In ihrer Studie untersuchten die Kinderchirurgen alle Fälle, in denen das Smartphone eine Rolle spielte. Acht der zehn Fälle geschahen erst 2016 oder später. Denn immer mehr Kinder und Jugendliche besitzen inzwischen schon in jungen Jahren ein eigenes Mobiltelefon.
Mädchen stärker gefährdet
Die Patienten wurden in der Studie auch dahingehend eingeteilt, ob ihre Rolle beim Unfall aktiv oder passiv war. Neben nur zwei Passiv-Fällen, in denen Kleinstkinder leichte Blessuren erlitten, weil ihre Eltern sie mit dem Smartphone verletzten, stehen acht Fälle mit aktiver Rolle.
Dass laut Studien dabei eher Mädchen einer gewissen Smartphone-Sucht verfallen, war auch bei der Fall-Serie der Leipziger Kinderchirurgen zu beobachten: Nur bei zwei der zehn Fälle stand ein Junge im Zentrum des Geschehens.
Schwere Unfälle
Mehrere Mädchen erlitten dabei schwere Verletzungen: Ein glücklicherweise nur mit 30 Kilometer pro Stunde fahrendes Auto erfasste eine 12-Jährige, die die Straße überquerte und dabei ausschließlich auf ihr elektronisches „Spielzeug“ schaute – Diagnose Beckenringfraktur. Und eine 16-Jährige fiel in einer Silvesternacht durch ein Glasdach, als sie gerade ein Selfie machte. Sie erlitt ein schweres Wirbelsäulentrauma (multiple Wirbelkörperfrakturen) und Schnitte an der Hand. Einem weiteren Mädchen, ebenfalls 16, rollte ein Auto über die Hand, als sie ihr Smartphone von der Straße aufheben wollte.
Beim Blick auf die mögliche Entwicklung derartiger Unfälle zeigt sich der Universitätsprofessor eher pessimistisch: „Bald werden wir den ersten Todesfall in Deutschland erleben. Da bin ich mir ziemlich sicher“, meint der UKL-Klinikdirektor.

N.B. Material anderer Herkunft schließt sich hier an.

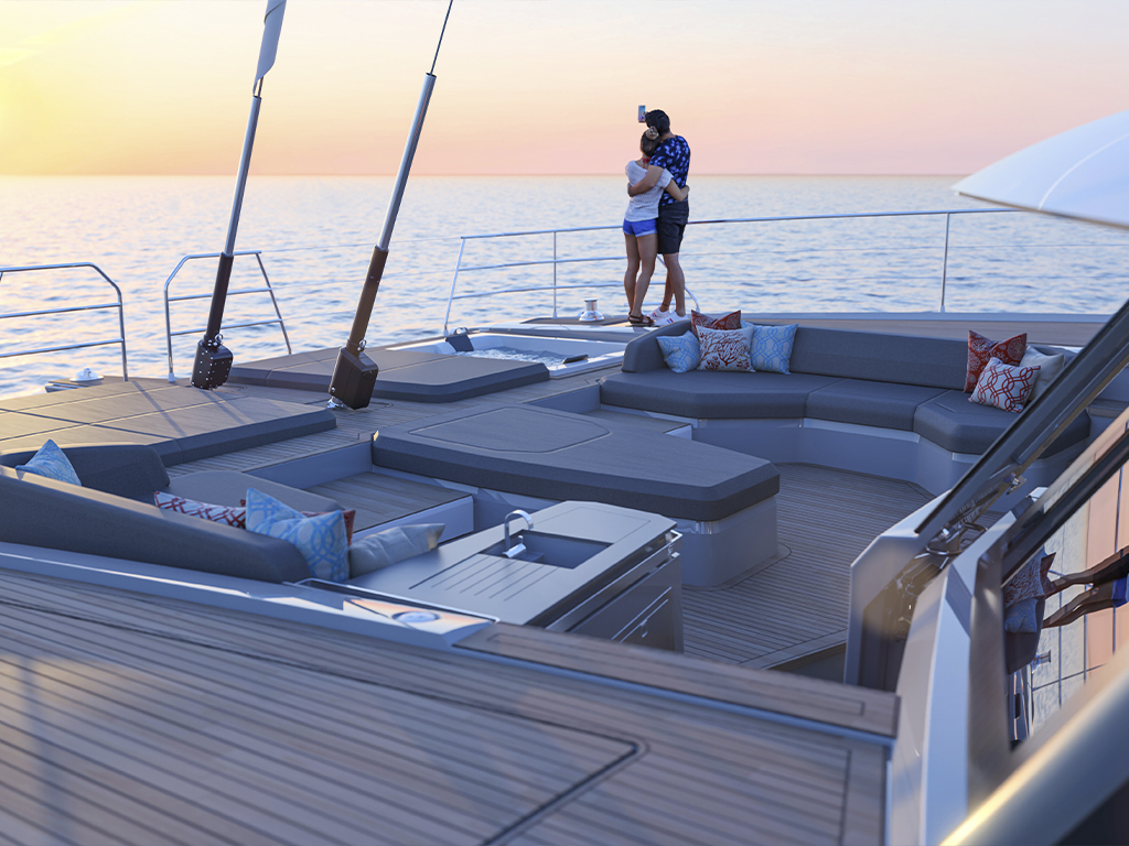 The modern interior design can be individually adapted to your needs and preferences with two different saloon layout variants and three different cabin layout variants, as well as three different high-quality wood designs. The owner's cabin can also be equipped with its own spa. On both sides of the yacht, semi-glazed side walls can also be opened at the stern to further enlarge the cockpit area. The large hydraulic bathing platform at the stern also supports large tenders weighing more than 700 kg and a jet ski can be stored in the garage.

Notwendige Präventionsmaßnahmen
Was gegen ein weiteres Ansteigen der Unfallzahlen helfen könnte, ist für den Kinderchirurgen eigentlich klar: Weniger oft auf das Gerät schauen und mehr Aufmerksamkeit durch Erziehungsberechtigte, die ihre Vorbildrolle auch ernst nähmen, sei das Eine. Lacher hat jedoch noch andere Maßnahmen im Blick: „Im US-Bundesstaat Hawaii ist es illegal, eine Straße zu überqueren, während man auf das Smartphone schaut. Wäre das auch für unser Land gut?“, fragt er. Mit China, den USA, Belgien und Litauen gibt es zudem vier Länder, in denen eigene „Smombie-Pfade“ eingerichtet wurden, spezielle Fußwege für unaufmerksame Smartphone-Nutzer. In den Niederlanden finden sich hingegen bereits zwei Städte, in denen Fußgängerampeln am Erdboden montiert sind. Gerade die letztgenannte Idee findet durchaus Anklang bei Professor Lacher.
Eines ist ihm und seinen Kollegen nach der Erhebung klar: Die Dunkelziffer von Smartphone-bezogenen Unfällen bei Kindern und Jugendlichen dürfte wesentlich höher sein, denn viele Verletzte gingen nicht zum Arzt oder würden das Mobiltelefon nicht als Grund der Verletzung angeben.